■ WORK TASK
Leave the pictures out. Retype exactly the lines below from the one containing "Neues Rockabillykleid zu" through the one containing "grote wolven weggejaagd", and no others.

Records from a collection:
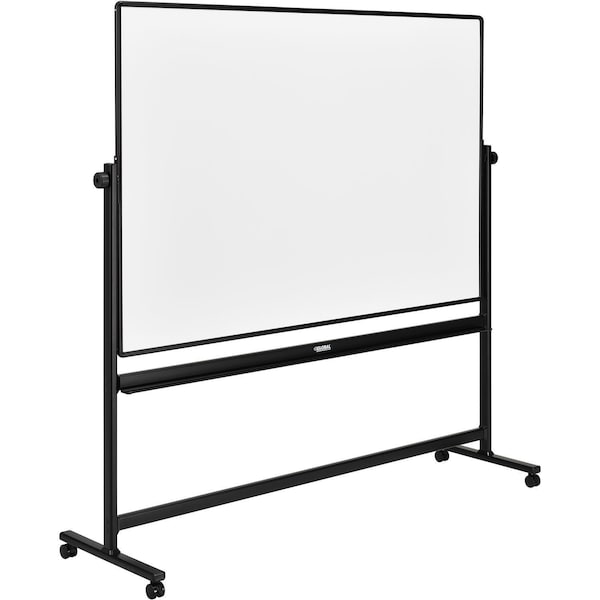 Board size 96W x 48H, Frame size 98-1/2W x 23D x 69H. Board rotates 360 degrees on a pivot hinge and locks into the place of your choice for different viewing angles. Board can be locked into place using tightening knobs on either end. Painted Steel surface resists staining and ghosting. Four 3 casters 2 locking provides in room stability and allows you to easy transport from room to room.
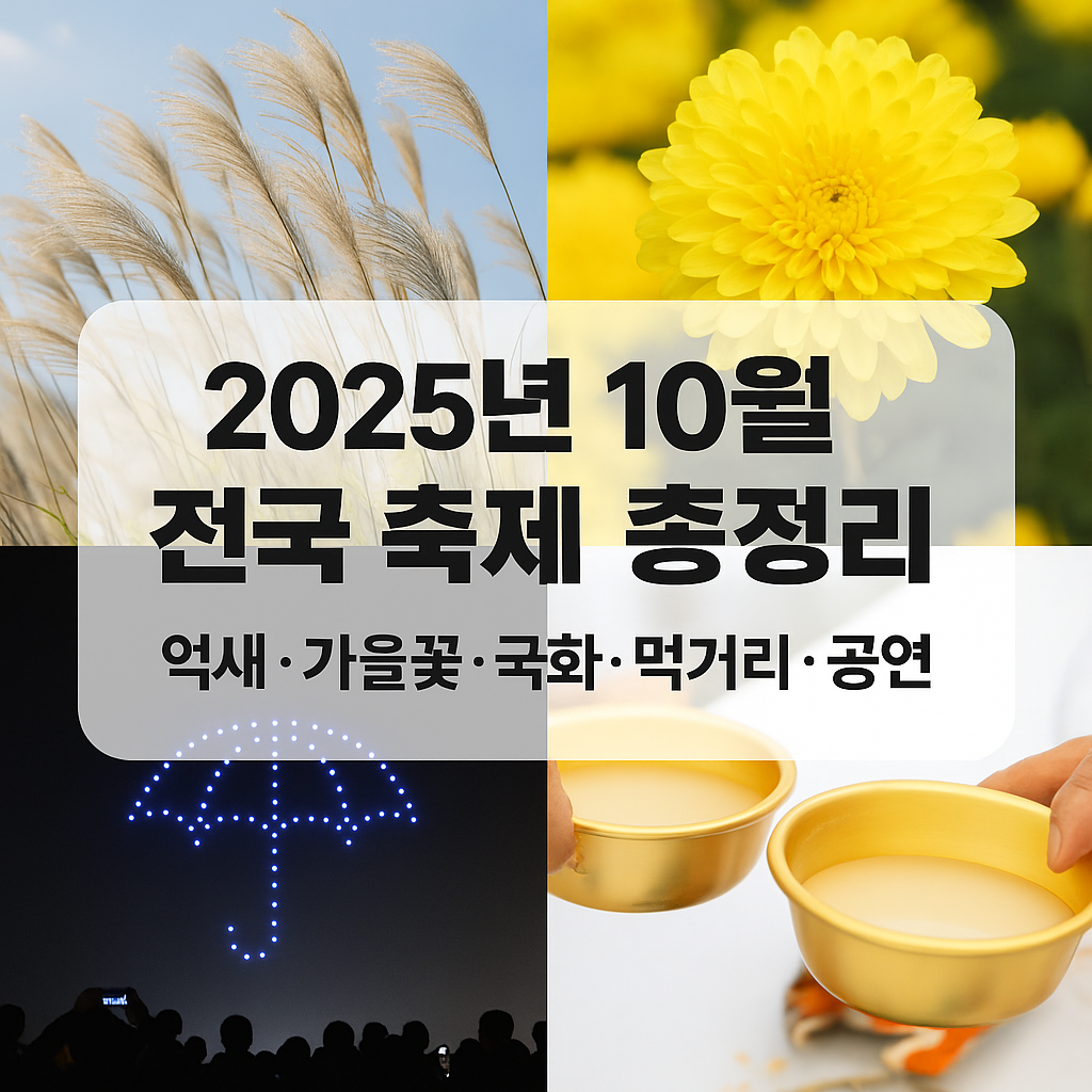 2025년 10월, 전국 곳곳에서 가을 정취를 물씬 느낄 수 있는 축제들이 열립니다. 억새와 가을꽃이 장관을 이루는 자연 축제부터 국화 전시, 드론쇼, 전통문화 체험, 그리고 지역별 먹거리와 공연까지 다채로운 행사가 준비되어 있습니다. 이번 글에서는 서울, 경기·인천, 강원, 충청, 전라, 경상, 제주까지 주요 지역별 10월 축제 일정을 한눈에 정리했습니다
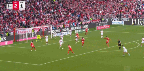 在弗里希为斯图加特破门之后,拜仁6分钟之内连入3球,格雷罗、杰克逊、戴维斯各入一球,拜仁以3比1的比分领先。替补出场的凯恩打入1球,斯图加特则在最后一刻打入1球。
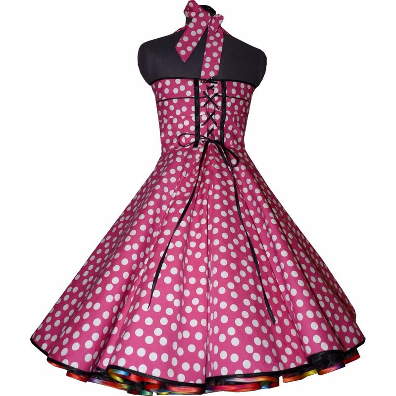Neues Rockabillykleid zu jeder Petticoatweite in trendigem Pink mit weissen Punkten
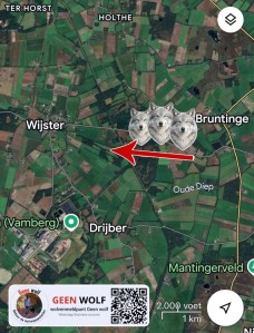 “Net 3 grote wolven weggejaagd op de Hamveld in Wijster, de Schotse Hooglanders naast ons sloegen aan. Het waren 3 grote wolven en 1 keek me recht aan in de zaklamp. Ze liepen het natuurgebied in richting Wijster”
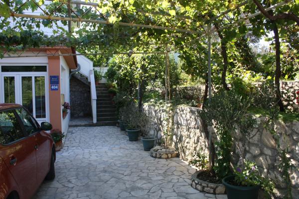 Wij verbleven in een appartement op de begane grond met één slaapkamer. Het appartement is netjes, het terras ligt de hele dag in de schaduw en biedt uitzicht op de olijfgaard. Een prettig appartement, we hadden geen airconditioning nodig. De gastheren waren vriendelijk en toegankelijk, we werden verwelkomd met een zelfgemaakte Rab-cake en omdat ik dol ben op vijgen, plukte mijn tante ze voor me. Ik raad aan
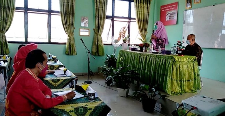 Sekretaris Disdikbud Bandar Lampung, Hj. Eka Afriana (kanan), saat memimpin rapat persiapan vaksinasi pelajar SMP, bersama sejumlah kepala SMP negeri dan swasta di Bandar Lampung. ISTIMEWA
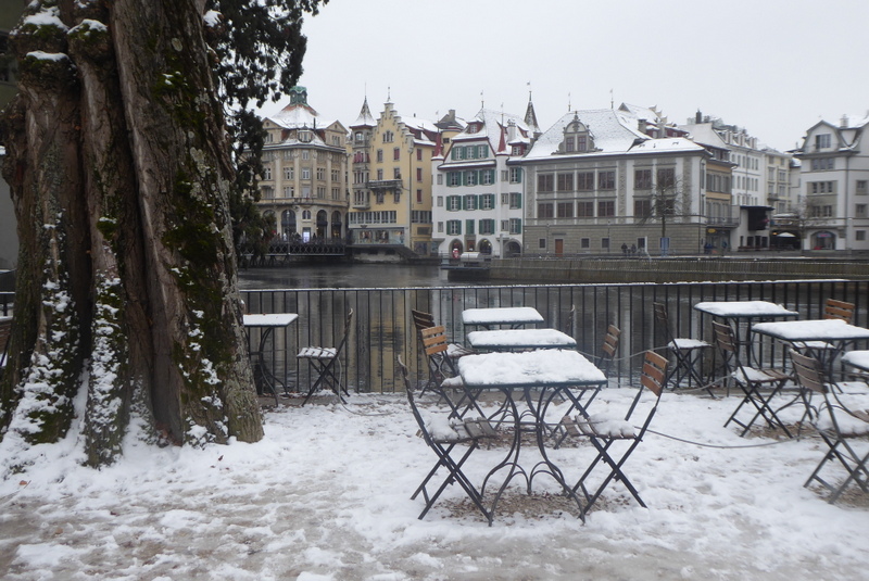 Luzern im Winter. Wenige Orte gibt es, die bei Kälte so schön zum Flanieren einladen, die auch bei grauer Witterung noch bunt und fröhlich wirken. An denen die Dezember-Stunden einfach so verfliegen. Lichterstrahlender Inseli Weihnachtsmarkt mit Feuerschalen, KKL Vorplatz mit Tannenbaum und Weihnachtsmusik, späte Schifffahrten und frühe Ruderboote auf dem Vierwaldstättersee, verkaufsoffene Sonntage vor Weihnachten, liebevoll und kenntnisreich sortierte Bücherei. Hier lässt sich überwintern.
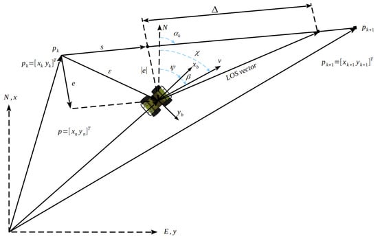 Figure 9 and Figure 10 show the geometry of the LOS guidance problem and main variables. As shown in the figures, the position of the robot in global coordinates can be written as , and the corresponding speed is defined as
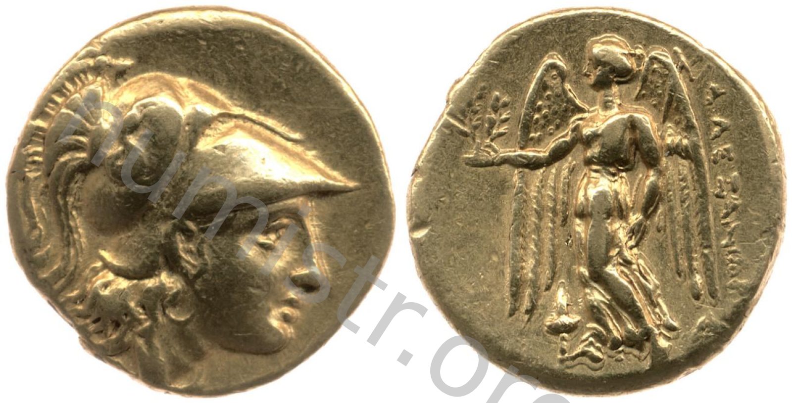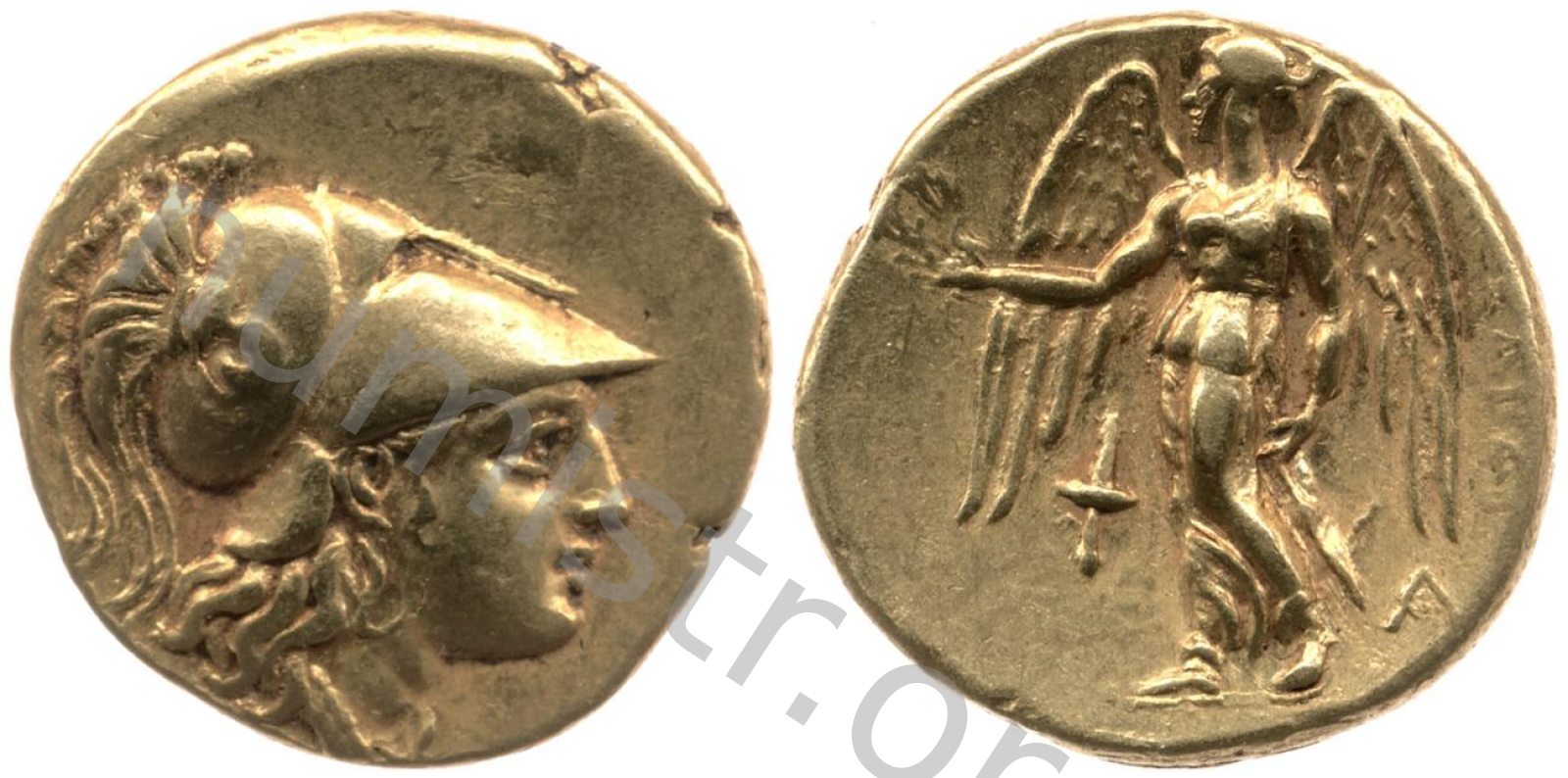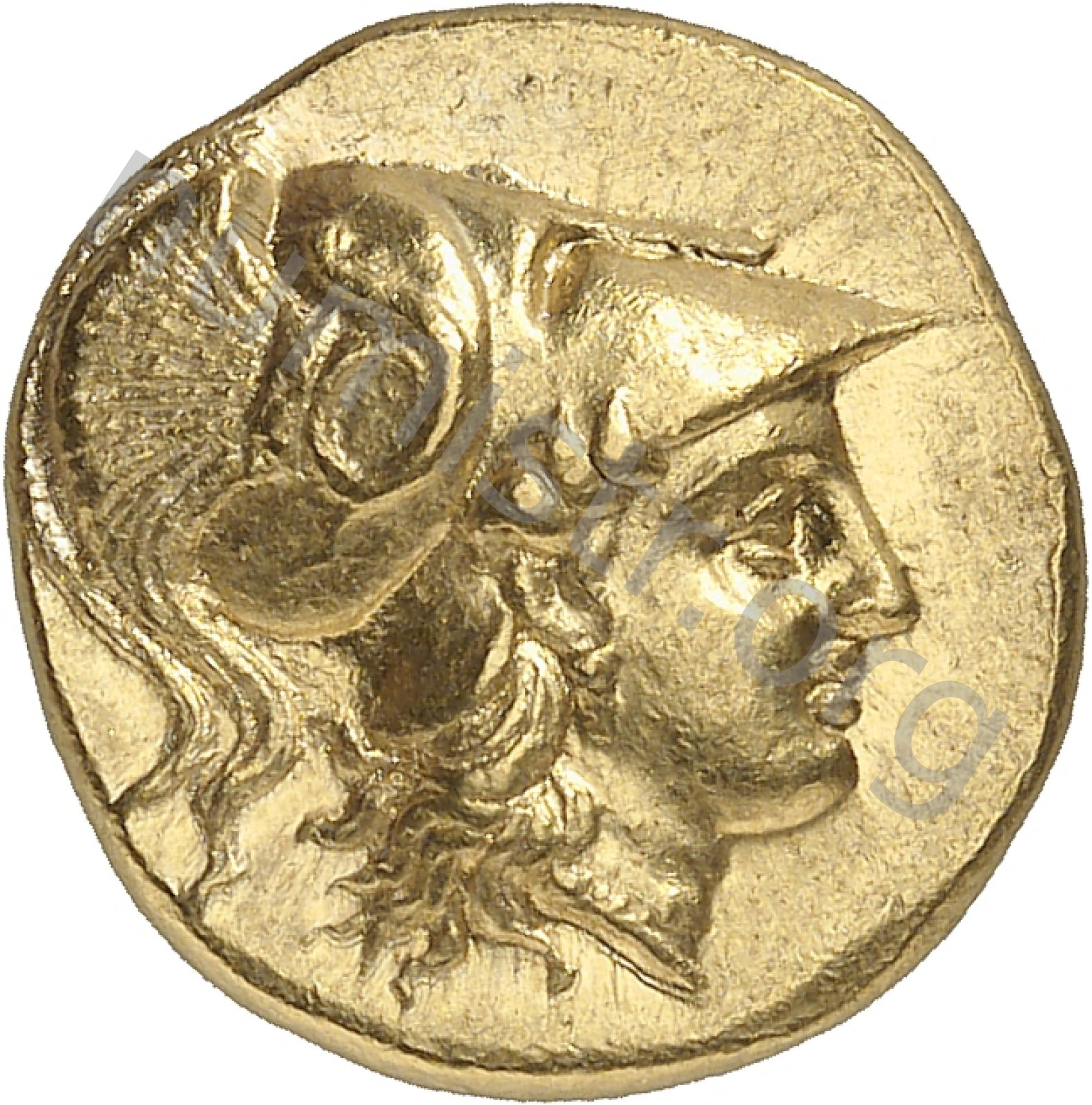 Head of Athena right wearing Corinthian helmet with crest -[en]
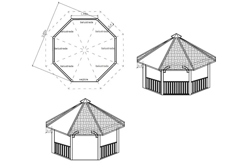 Altana A25 to wyjątkowa konstrukcja, która łączy elegancję z funkcjonalnością, idealna do ogrodów i przestrzeni rekreacyjnych. Jej ośmiokątny kształt o średnicy 3,85m zapewnia optymalną przestrzeń do relaksu, a podstawa o powierzchni 10,48m² pozwala na komfortowe użytkowanie przez całą rodzinę. Dzięki możliwości modyfikacji wymiarów, altana może być dostosowana do indywidualnych potrzeb oraz dostępnej przestrzeni.

■ ANSWER SECTION
Neues Rockabillykleid zu jeder Petticoatweite in trendigem Pink mit weissen Punkten
 “Net 3 grote wolven weggejaagd op de Hamveld in Wijster, de Schotse Hooglanders naast ons sloegen aan. Het waren 3 grote wolven en 1 keek me recht aan in de zaklamp. Ze liepen het natuurgebied in richting Wijster”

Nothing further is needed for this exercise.